Yehuda, however, still harbored doubts. "Sarah was entirely optimistic, but I was less so," he admits. "Still, I didn’t let uncertainty take over, striving to grow within reality. Deeply connected to Rav Shalom Arush and Breslov teachings, my faith that there’s no despair in the world strengthened. Rebbe Nathan of Breslov wrote if something’s missing, one hasn’t prayed enough, so we kept praying and progressing with Hashem, feeling growth from the challenge."
Unexpectedly, their awaited salvation emerged from another crisis. "Seven years after Sarah’s transplant, the kidney failed, bringing us back to the daunting wait for another donor," Sarah recalls. "The waiting list was long, and uncertainty loomed about getting one. With the first transplant’s partial success, we didn’t know what to expect. Many questions arose, with hopes and prayers. We turned to Rabbi Yeshayahu Haber, z"l, head of 'Matnat Chaim,' who promised to find me a donor and fulfilled it a year later."

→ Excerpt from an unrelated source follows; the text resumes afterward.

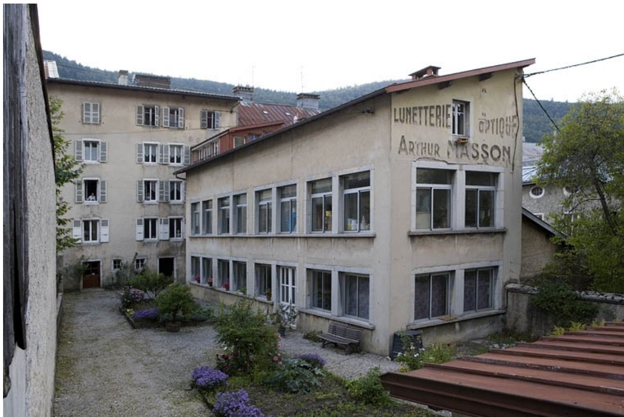
Cour et ateliers.

Receiving Life, Giving Life
Enter Zila, the donor who had her own journey before donating her kidney. "Twelve years ago I came to the hospital to deliver my youngest, unaware of the upheaval ahead," she says. "During labor, doctors detected fetal distress, rushing me for surgery, mistakenly severing a major artery, risking my life. My husband, outside, didn’t understand the prolonged procedure, seeing serious staff with blood units, fearing the worst."

Moreover, during surgery, another grave mistake occurred, accidentally tying off the ureter, risking long-term kidney danger, only rectified last-minute by a senior doctor called urgently. Thus ended 7 intense hours saving my life."

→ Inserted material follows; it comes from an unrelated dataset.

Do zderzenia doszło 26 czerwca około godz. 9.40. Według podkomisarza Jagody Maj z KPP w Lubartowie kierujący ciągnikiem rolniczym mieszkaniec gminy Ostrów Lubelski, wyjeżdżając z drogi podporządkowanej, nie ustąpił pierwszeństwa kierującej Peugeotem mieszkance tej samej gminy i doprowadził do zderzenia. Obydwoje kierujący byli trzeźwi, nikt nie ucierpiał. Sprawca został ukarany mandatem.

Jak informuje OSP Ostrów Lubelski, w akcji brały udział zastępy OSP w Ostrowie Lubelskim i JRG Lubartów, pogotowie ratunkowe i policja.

Recovering, the newborn's care slowly distracted from birth trauma. "Years later, reflecting on receiving life as a gift, I felt immense gratitude to Hashem, compelled to contribute somehow, though unsure how at first. Internally, this grew strong."
How did you come to donate a kidney?
"One day, I read a 'Matnat Chaim' brochure with donor stories, deeply moved, realizing that’s what I wanted. Until then, I hadn’t considered kidney donation or known it was possible from living donors. Immediately, I understood I found what my soul sought."
Soon after, Zila met Rabbi Haber z"l. "He initially hesitated about my health; recommending a specialist’s opinion," she recalls. "Convincing the professor of my health didn’t impress him much, nor my husband, who waited for medical clarity. Unyielding, I believed in my ability to donate, unwilling to give up."
To eliminate doubts, Zila requested the full medical evaluation needed for donation. "Every successful test encouraged me through the arduous process, proving my health despite past surgery. Ultimately, all specialists were convinced of my perfect health, paving my donation path. Filled with excitement and joy for what lay ahead."
"The Kidney Failed, and Salvation Came"
Three years ago, the awaited transplant day arrived, dissolving tension in joy. "The surgery fully succeeded, opening the possibility for us to have children," Yehuda and Sarah state. "We couldn’t imagine how such a crisis could lead to great salvation. About two and a half years post-transplant, we lovingly welcomed a firstborn son, praying for more. Naturally, Zila attended the brit, and we maintain close contact."
Zila shares in their immense joy. "The donation split my life distinctly: before and after. The accompanying spiritual uplift is immense, with my health unscathed. Knowing someone thrives because of my kidney is a profound, unmatched feeling. What I didn’t foresee was my donation to Sarah becoming a generational gift, ultimately allowing her children. I only sought to offer a normal life, with her later childbirth closing a circle. Now, I actively volunteer with 'Matnat Chaim,' supporting donors and recipients throughout the complex process."
12 years waiting for children ended in immense light, leaving Yehuda and Sarah with life insights. "Waiting that long, you value it more, realizing it's not given, seeing all as grace and mercy from Hashem," they conclude. "We feel Hashem heard all prayers, witnessing how even a seemingly blocked path can open, affirming a need for unwavering belief."